Special Research Unit for Wildlife Genomics (SRUWG), Department of Forest Biology, Faculty of Forestry, Kasetsart University, 50 Ngamwongwan, Chatuchak, Bangkok, 10900, Thailand.
Chromosome Res. 2023 Nov 29;31(4):34. doi: 10.1007/s10577-023-09744-6.

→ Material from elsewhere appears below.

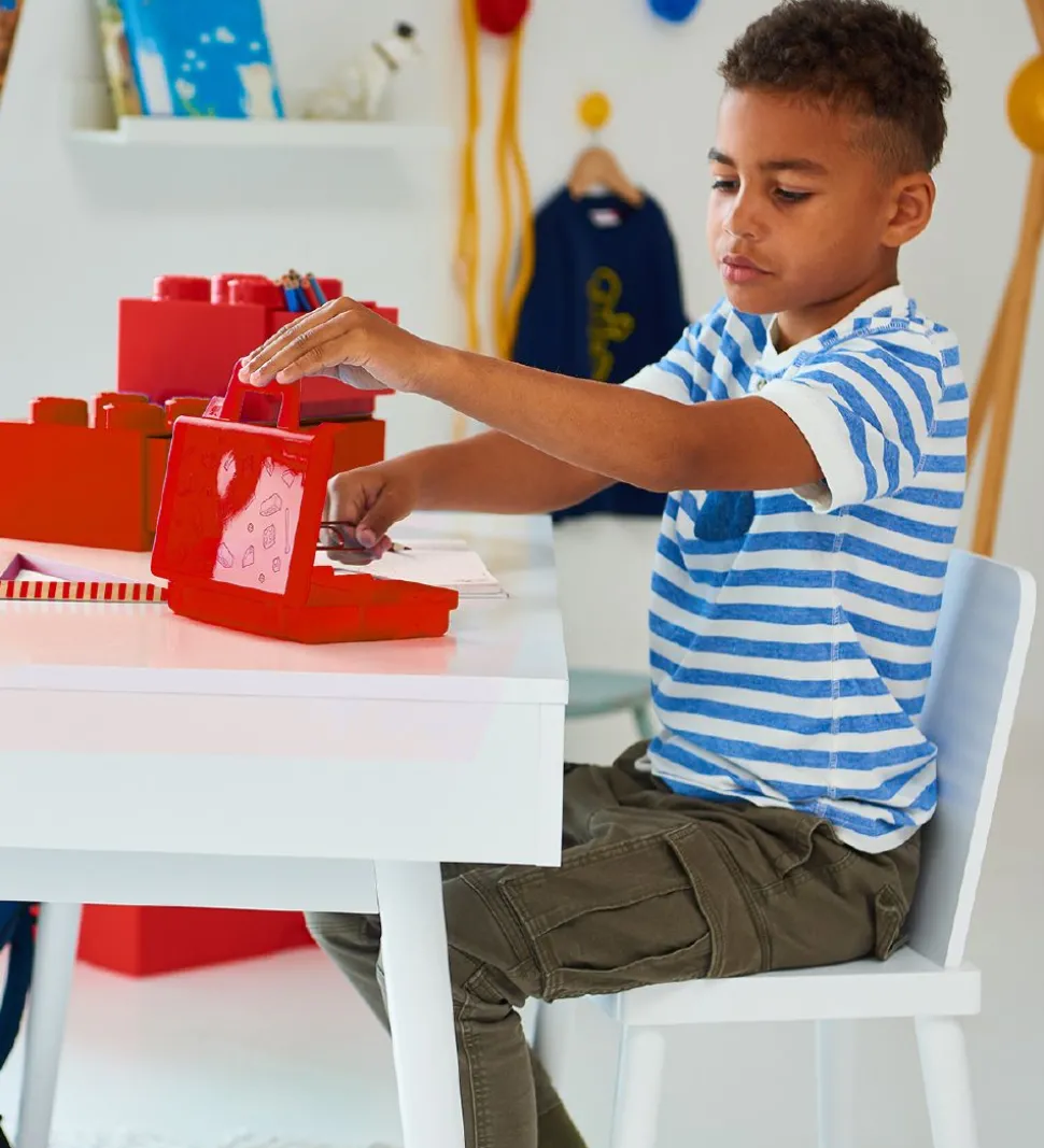 Fin LEGO® Storage rejsekuffert i rød plast med et allover mønster af LEGO® klodser.

Eukaryotes have varying numbers and structures of characteristic chromosomes across lineages or species. The evolutionary trajectory of species may have been affected by spontaneous genome rearrangements. Chromosome fusion drastically alters karyotypes. However, the mechanisms and consequences of chromosome fusions, particularly in muntjac species, are poorly understood. Recent research-based advancements in three-dimensional (3D) genomics, particularly high-throughput chromatin conformation capture (Hi-C) sequencing, have allowed for the identification of chromosome fusions and provided mechanistic insights into three muntjac species: Muntiacus muntjak, M. reevesi, and M. crinifrons. This study aimed to uncover potential genome rearrangement patterns in the threatened species Fea's muntjac (Muntiacus feae), which have not been previously examined for such characteristics. Deep Hi-C sequencing (31.42 × coverage) was performed to reveal the 3D chromatin architecture of the Fea's muntjac genome. Patterns of repeated chromosome fusions that were potentially mediated by high-abundance transposable elements were identified. Comparative Hi-C maps demonstrated linkage homology between the sex chromosomes in Fea's muntjac and autosomes in M. reevesi, indicating that fusions may have played a crucial role in the evolution of the sex chromosomes of the lineage. The species-level dynamics of topologically associated domains (TADs) suggest that TAD organization could be altered by differential chromosome interactions owing to repeated chromosome fusions. However, research on the effect of TADs on muntjac genome evolution is insufficient. This study generated Hi-C data for the Fea's muntjac, providing a genomic resource for future investigations of the evolutionary patterns of chromatin conformation at the chromosomal level.
真核生物在不同的谱系或物种中具有不同数量和结构的特征染色体。物种的进化轨迹可能受到自发基因组重排的影响。染色体融合会极大地改变核型。然而,染色体融合的机制和后果,特别是在麂属物种中,仍知之甚少。基于最近的三维(3D)基因组学的研究进展,特别是高通量染色质构象捕获(Hi-C)测序,已经能够识别染色体融合,并为三种麂属物种(Muntiacus muntjak、M. reevesi 和 M. crinifrons)提供了对其机制的深入了解。本研究旨在揭示受威胁物种菲氏麂(Muntiacus feae)中的潜在基因组重排模式,此前尚未对这些特征进行研究。进行了深度 Hi-C 测序(31.42×覆盖度)以揭示菲氏麂基因组的 3D 染色质结构。鉴定出可能由高丰度转座元件介导的重复染色体融合模式。比较 Hi-C 图谱表明,菲氏麂的性染色体与 M. reevesi 的常染色体之间存在着连锁同源性,这表明融合可能在该谱系的性染色体进化中发挥了关键作用。拓扑关联域(TAD)的种间动态表明,由于重复染色体融合,TAD 组织可能会因染色体之间的相互作用而发生改变。然而,关于 TAD 对麂属基因组进化影响的研究还不够充分。本研究为菲氏麂生成了 Hi-C 数据,为未来在染色体水平上研究染色质构象的进化模式提供了基因组资源。